The expected output is exactly the lines below, starting at the line with "Home>NFL>Las Vegas Raiders>Men>Men" and ending at the line with "Die Raumaufteilung ist", both included; no other line belongs in it.

*** ENTRIES SHOWN ***

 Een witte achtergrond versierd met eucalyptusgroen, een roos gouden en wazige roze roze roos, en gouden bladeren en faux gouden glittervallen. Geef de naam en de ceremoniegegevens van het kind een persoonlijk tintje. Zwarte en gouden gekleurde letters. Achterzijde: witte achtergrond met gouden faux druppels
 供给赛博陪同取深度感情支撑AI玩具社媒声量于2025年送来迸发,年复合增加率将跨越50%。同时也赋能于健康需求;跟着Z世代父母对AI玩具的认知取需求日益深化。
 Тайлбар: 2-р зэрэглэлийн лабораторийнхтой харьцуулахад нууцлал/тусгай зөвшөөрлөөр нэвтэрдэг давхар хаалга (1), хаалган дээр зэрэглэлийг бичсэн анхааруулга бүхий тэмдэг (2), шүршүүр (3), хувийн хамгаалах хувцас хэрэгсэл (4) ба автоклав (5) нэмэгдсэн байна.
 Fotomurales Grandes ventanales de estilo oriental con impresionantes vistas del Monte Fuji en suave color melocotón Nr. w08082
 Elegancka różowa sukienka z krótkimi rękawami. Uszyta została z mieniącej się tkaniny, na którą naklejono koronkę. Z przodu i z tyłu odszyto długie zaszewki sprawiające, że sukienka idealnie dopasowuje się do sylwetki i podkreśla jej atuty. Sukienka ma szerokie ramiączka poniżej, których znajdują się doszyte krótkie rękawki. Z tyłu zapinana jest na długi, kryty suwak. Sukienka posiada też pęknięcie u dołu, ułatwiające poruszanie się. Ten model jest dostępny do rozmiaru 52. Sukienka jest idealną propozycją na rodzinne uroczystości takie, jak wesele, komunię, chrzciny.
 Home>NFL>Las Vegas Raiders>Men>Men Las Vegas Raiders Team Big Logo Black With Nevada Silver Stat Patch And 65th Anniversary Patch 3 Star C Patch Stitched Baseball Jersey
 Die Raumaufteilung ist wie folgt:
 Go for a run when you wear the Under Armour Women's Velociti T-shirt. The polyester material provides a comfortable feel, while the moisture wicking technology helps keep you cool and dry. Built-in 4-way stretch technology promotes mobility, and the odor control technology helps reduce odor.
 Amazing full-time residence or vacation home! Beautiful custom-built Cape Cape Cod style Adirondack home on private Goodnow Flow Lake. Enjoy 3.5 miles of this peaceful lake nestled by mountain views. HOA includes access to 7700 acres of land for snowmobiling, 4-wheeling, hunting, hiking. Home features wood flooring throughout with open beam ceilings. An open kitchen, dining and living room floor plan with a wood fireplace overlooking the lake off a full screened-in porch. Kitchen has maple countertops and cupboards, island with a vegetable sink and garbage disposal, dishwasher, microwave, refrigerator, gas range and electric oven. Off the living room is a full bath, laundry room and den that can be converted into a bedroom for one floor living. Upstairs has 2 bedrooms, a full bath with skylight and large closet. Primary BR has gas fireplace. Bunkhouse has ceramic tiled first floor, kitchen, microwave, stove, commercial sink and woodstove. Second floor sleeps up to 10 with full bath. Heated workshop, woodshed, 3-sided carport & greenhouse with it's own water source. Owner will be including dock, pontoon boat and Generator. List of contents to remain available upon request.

***
*** ENTRIES SHOWN ***

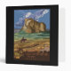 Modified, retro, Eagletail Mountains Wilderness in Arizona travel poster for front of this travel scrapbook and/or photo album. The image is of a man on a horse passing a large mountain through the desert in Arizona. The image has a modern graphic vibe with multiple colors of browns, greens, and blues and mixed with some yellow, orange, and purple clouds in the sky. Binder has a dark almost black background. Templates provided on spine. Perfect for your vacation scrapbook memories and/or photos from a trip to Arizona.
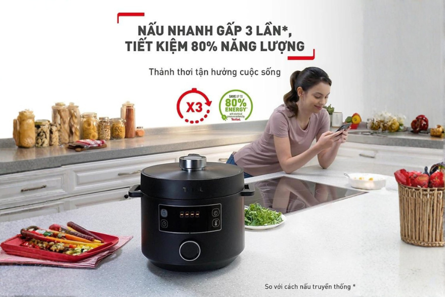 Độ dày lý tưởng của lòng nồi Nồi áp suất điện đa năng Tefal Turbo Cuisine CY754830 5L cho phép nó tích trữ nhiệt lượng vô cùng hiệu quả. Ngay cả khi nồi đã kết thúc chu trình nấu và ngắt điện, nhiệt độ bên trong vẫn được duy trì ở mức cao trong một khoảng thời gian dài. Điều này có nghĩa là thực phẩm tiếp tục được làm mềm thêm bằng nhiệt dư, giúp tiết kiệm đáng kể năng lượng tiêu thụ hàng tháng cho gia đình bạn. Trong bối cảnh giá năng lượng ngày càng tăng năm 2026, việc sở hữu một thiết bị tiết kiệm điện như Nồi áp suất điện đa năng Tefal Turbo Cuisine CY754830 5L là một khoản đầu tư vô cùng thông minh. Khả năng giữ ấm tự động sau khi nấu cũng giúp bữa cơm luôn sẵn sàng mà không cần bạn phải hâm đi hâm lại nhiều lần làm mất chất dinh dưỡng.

***

REPLY TO THE TASK:
 Home>NFL>Las Vegas Raiders>Men>Men Las Vegas Raiders Team Big Logo Black With Nevada Silver Stat Patch And 65th Anniversary Patch 3 Star C Patch Stitched Baseball Jersey
 Die Raumaufteilung ist wie folgt:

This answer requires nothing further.